Today, most computer systems used in facilities demand reliable power service with a minimum uptime of 99.999 percent to 99.99999 percent, depending on whether it functions as a local server or main data center. To achieve this level of reliability, systems can only be down for a total of 30 seconds to 3 seconds in one year, respectively.
Fortunately, as a result of technical advances, uninterruptible power systems (UPS) — which less than a decade ago were a luxury affordable for only a select few facilities — can deliver such reliability economically.
As with every other sophisticated technology, UPS reliability is tied to its maintenance, which has become an important topic for most managers. Since UPS have no moving parts, the overwhelming majority of failures are not due to wear and tear.
As a result, good diagnostic tools and a thorough testing and maintenance program for UPS electronics are essential. For the UPS ancillary equipment, such the batteries or generators, however, wear and tear is a factor managers must consider.

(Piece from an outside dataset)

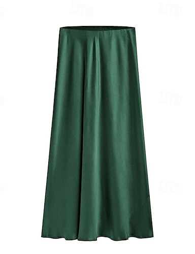 Dámské Saténové sukně Módní Na běžné nošení Délka ke kolenům Vysoký pas Sukně Bez vzoru Lehce elastické Denní ulice Černá Šampaňská Zlatá Zelená Léto Satén Polyester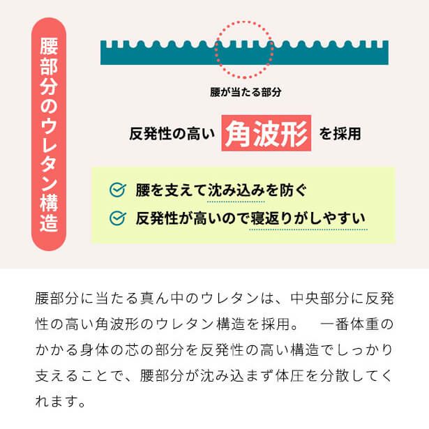 体重のかかる腰やお尻部分には、負担を極力軽減するために硬度の高いウレタン構造を採用しています。一方、肩や足部分には柔軟性の高いウレタン構造を採用しており、やさしく包み込むフィット感と寝返りのしやすさを実現しています。

UPS units fall into three categories: online, line-interactive, and offline.
An online UPS provides complete protection against even momentary power glitches, failures and surges. With an online UPS, normal power is not connected directly to the load. Instead, normal power charges a battery bank, which powers the UPS inverter and serves the load.
So electricity goes through two conversions before it gets to the load. First, it is converted from AC to DC to maintain the battery charge, then from DC to AC by the inverter to service the load. In this way, an online UPS provides complete protection and offers a smooth transition with zero switching time from main power to the backup power. Online UPS are the most expensive of the three types, and their highly desirable characteristics make them good candidates for mission-critical loads.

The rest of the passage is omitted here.